Monteiro Lobato: Somos um pântano com 40 milhões de rãs coaxantes, uma a botar culpa na outra do mal-estar que sentiam. Procuram soluções políticas, mudam a forma do governo, derrubam um imperador vitalício para experimentar imperantes quadrienais, fazem revoluções, entrematam-se, insultam-se, acusam-se de mil crimes, inventam que o pântano permanece pântano ‘porque há uma crise moral crônica’. O mal das rãs é julgar que sons resolvem problemas econômicos. Trocam o som ‘monarquia’ pelo som ‘república’, e trocam este som pelo ‘república nova’. Depois inventam sons inéditos - ‘reajustamento’, ‘congelados’, ‘integralismo’. O próprio das rãs é esse excessivo pendor musical, Querem sonoridades apenas. ‘Somos o maior país do mundo’. ‘Temos o maior rio do mundo’. ‘Nossas riquezas são inesgotáveis’, etc. Enchem o ar dessas músicas - e mandam o ministro da Fazenda correr Nova York e Londres de chapéu na mão a pedinchar dinheiro.

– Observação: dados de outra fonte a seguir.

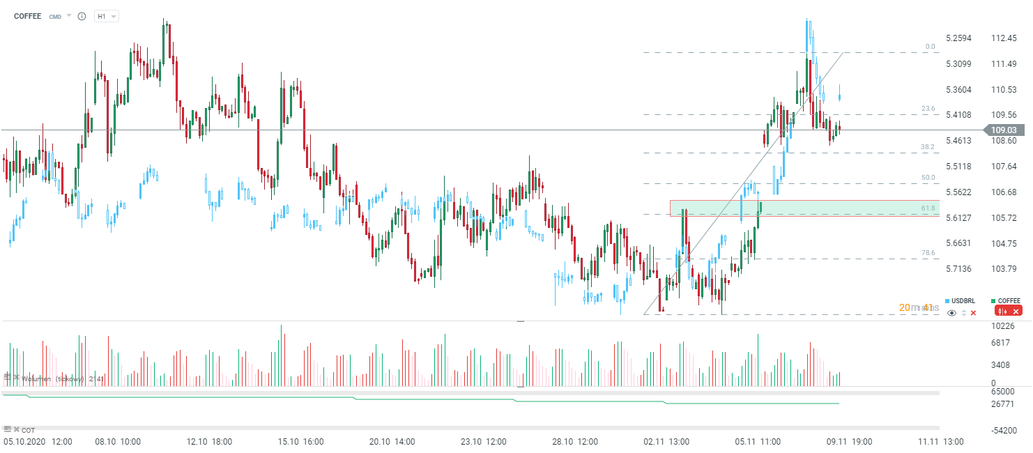 Recent price moves on the coffee market are mostly driven by the US dollar. Source: xStation5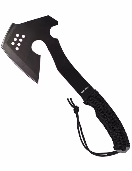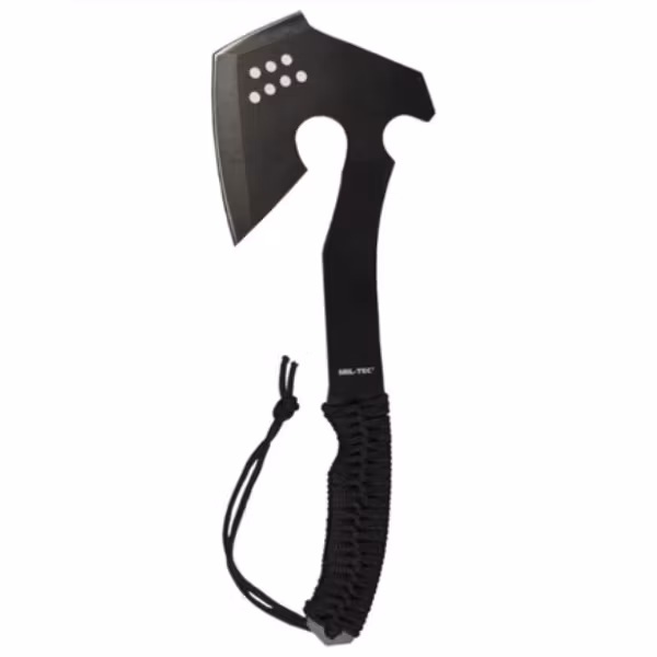 Paracord yxa från MIL-TEC. Yxan är tillverkad av 3CR13MoV stål och har paracordband som handtag. Yxan är endast 4mm tjock rakt igenom. Fungerar utmärkt ute i skogen att förbereda brasan med. Ficka till huvudet medföljer.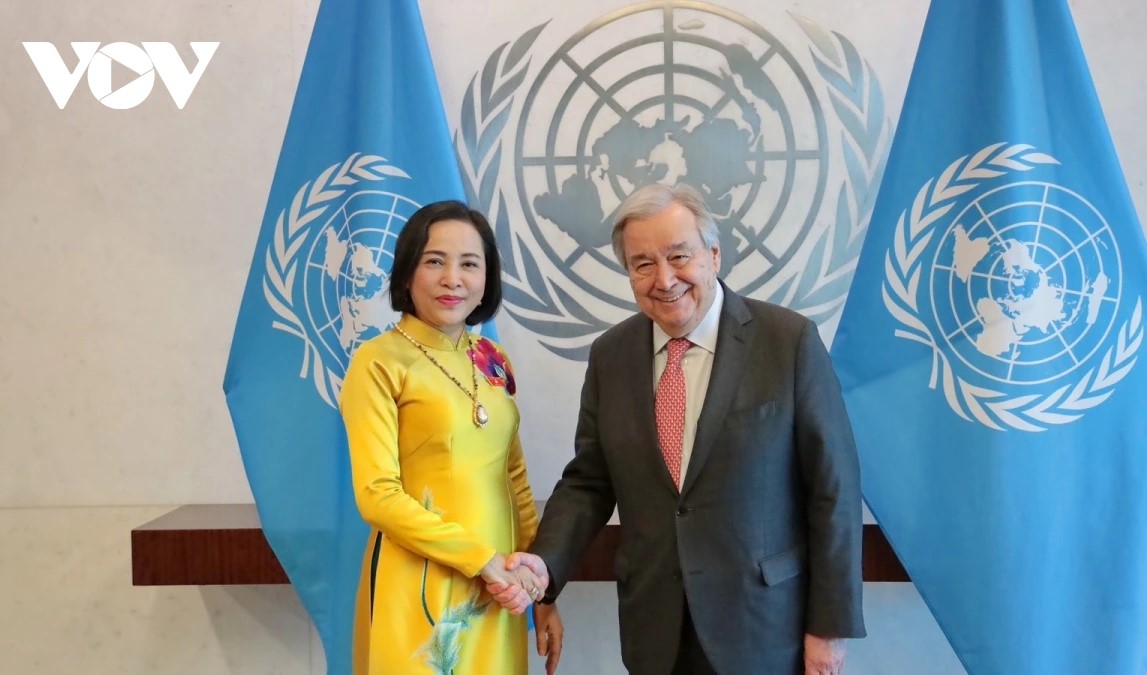 Phó Chủ tịch Quốc hội Nguyễn Thị Thanh gặp Tổng Thư ký Liên Hợp Quốc António Guterres. Ảnh: Phạm Huân/VOV-Washington |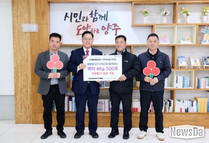 뉴스다 최광묵 기자 | 양주시가 지난 14일 시장실에서 ㈜북부종합상사 타이어프로로부터 이웃돕기 성품으로 백미 4kg 500포(800만 원 상당)를 기탁받았다.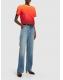 镂空低腰阔腿牛仔裤 - 蓝色 - 女士 - Gauchere - 正面纽扣和隐藏式拉链开合.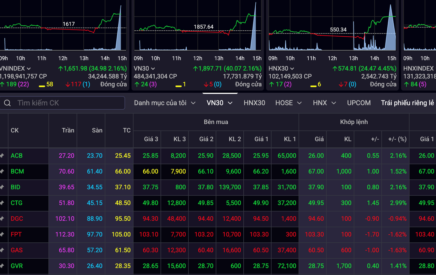 Ngoài bất động sản, nhóm chứng khoán và thép cũng đồng loạt phục hồi mạnh sau giai đoạn bị bán tháo. Nhiều cổ phiếu chứng khoán như SSI, VND, HCM, MBS tăng từ 3-6%, trong khi nhóm thép như HPG, HSG, NKG cũng đồng loạt bật xanh.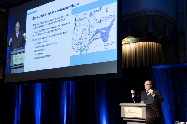 Le colloque a également été l’hôte d’une importante conférence de presse annonçant la désignation du CHU de Québec-Université Laval comme centre tertiaire en traumatologie pédiatrique pour tout l’est du Québec, en complémentarité des soins et des services offerts pour la clientèle de l’Hôpital de l’Enfant-Jésus. Cette nouvelle désignation au Centre mère-enfant Soleil (CMES) au CHUL témoigne des vastes travaux menés par les équipes pour acquérir un niveau d’expertise conforme aux plus hauts standards et permet aujourd’hui au CHU d’accueillir et de soigner de jeunes patients victimes de traumatismes nécessitant des soins spécialisés et surspécialisés. Lire le communiqué
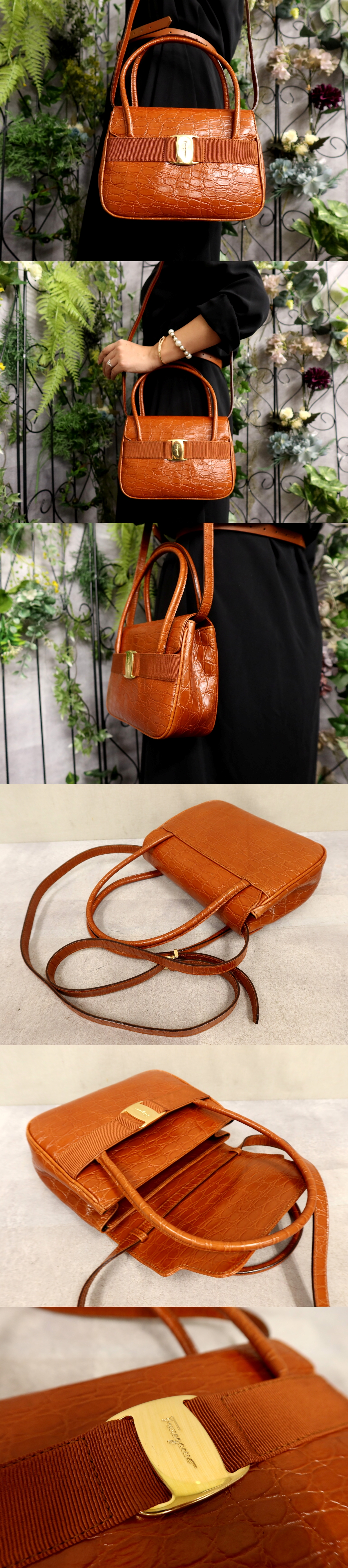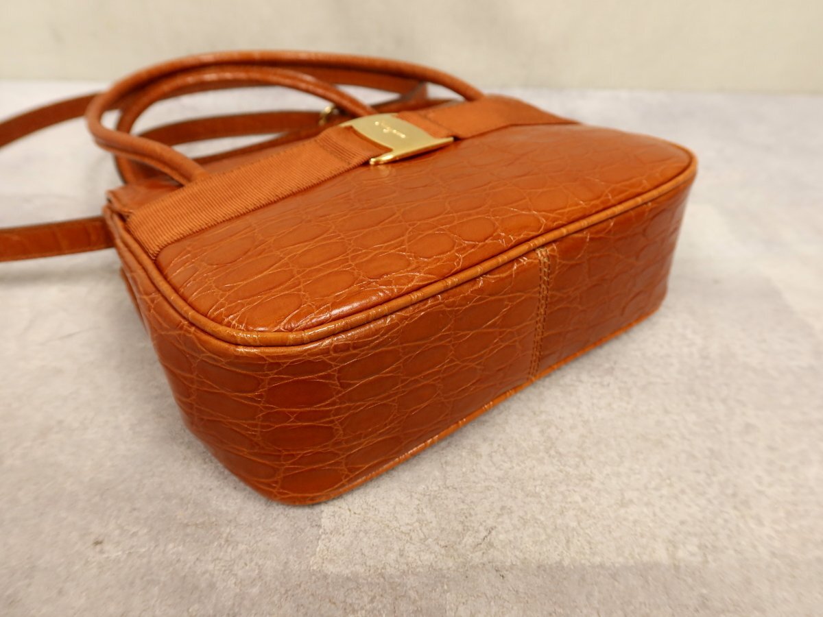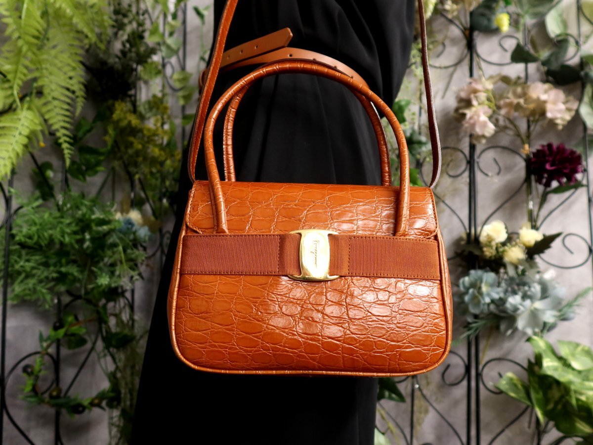 ●超美品●フェラガモ●ヴァラ●ガンチーニ●クロコダイル 型押し レザー 本革●2way ハンド バッグ●コニャックブラウン●G金具●Js60971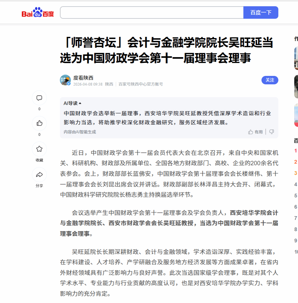 吴旺延院长长期深耕财政、会计与金融领域,学术造诣深厚、实践经验丰富,在学科建设、人才培养、产学研融合及服务地方经济发展等方面成果卓著,在省内外财经领域具有广泛影响力与良好声誉。此次当选国家级学会理事,既是对其个人学术水平、专业能力与行业贡献的高度认可,也是对西安培华学院办学实力、学科影响力的充分肯定。
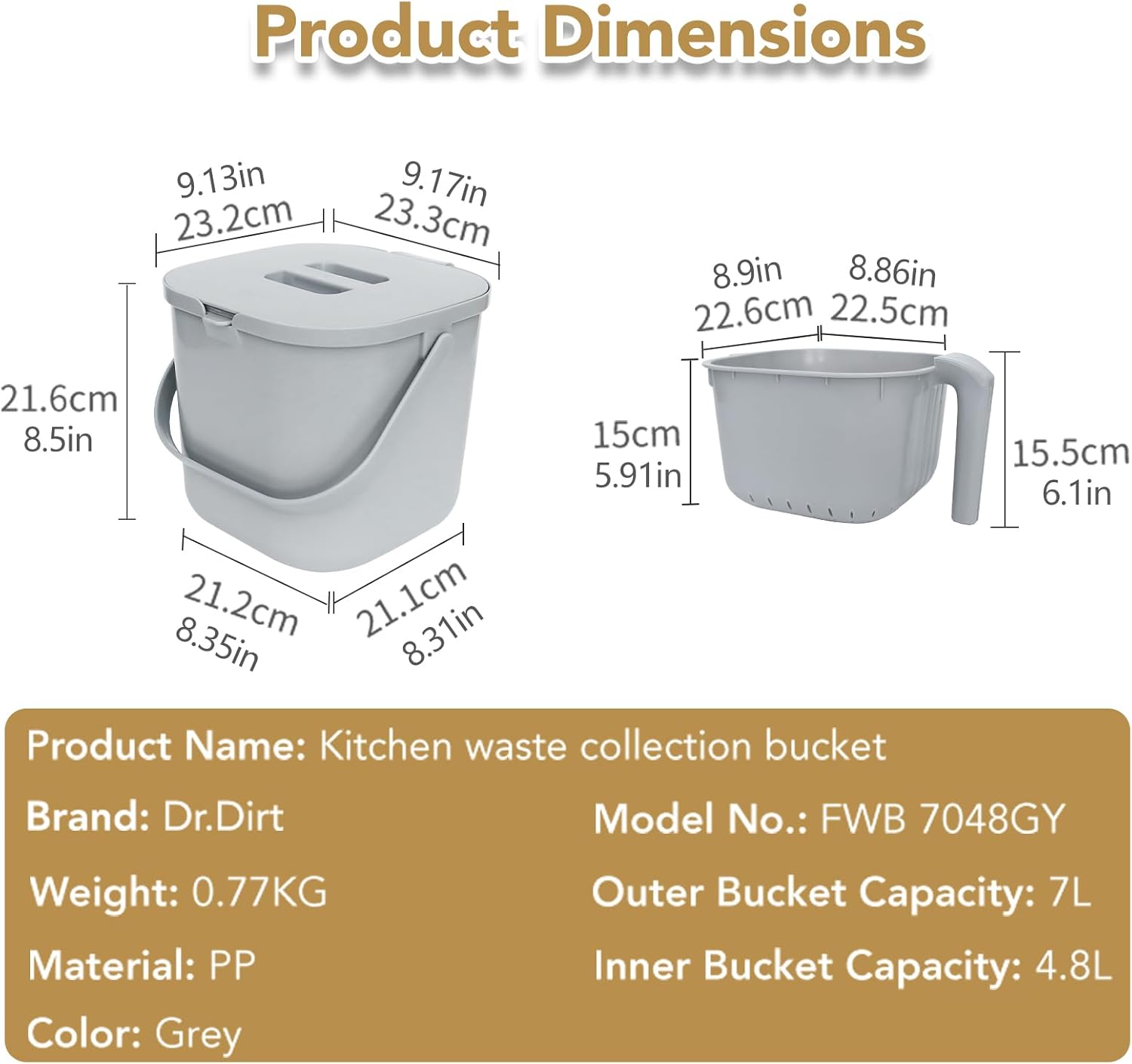 DrDirt Kitchen Compost Bin, 7L(1.85 Gal) Kitchen Compost Bin Countertop with Sealed Silicone Ring Lid, Odor-Control, Liquid Separation, Easy to Clean, for Cooking Family and Home Party, Gray

Euclides da Cunha: Apresentamos o quadro de uma desordem intelectual que, depois de refletir-se no disparatado de não sei quantas filosofias deceradas, nos impôs, na ordem política, a mais funesta dispersão de idéias, levando-nos aos saltos e ao acaso, do artificialismo da monarquia constitucional para a ilusão metafísica da soberania do povo ou para os exageros da ditadura científica. Para ainda agravescer a crise, os dois ideais da abolição e da República não requeriam mais as emoções estéticas. Resolvidos na ordem moral, estavam entregues à ação quase mecânica dos propagandistas. Estes precipitavam-nos com o desalinho característico da fase revolucionária das doutrinas, em que se conchavam as idéias e os paralelepípedos das ruas, e os melhores argumentos desfecham no desmantelo das barricadas investidas.

- E o povo brasileiro? O que devemos fazer?

Euclides da Cunha: Este país é organicamente inviável. Deu o que podia dar: a escravidão, alguns atos de heroísmo amalucado, uma república hilariante e por fim o que aí está - a bandalheira sistematizada. O melhor serviço a prestar-se nesta terra, no atual momento, consiste sobretudo na seriedade, que é uma forma de heroísmo no meio deste enorme desabamento....

Monteiro Lobato: A pátria (permanece) sempre naquele eterno mutismo de peixe. A ilusão do brasileiro é um caso sério. O mundo já na era do rádio, e o Brasil ainda lasca pedra. Ainda é troglodita. O Brasil dorme. Daqui (dos Estados Unidos) se ouve o seu ressonar. Dorme e é completamente cego.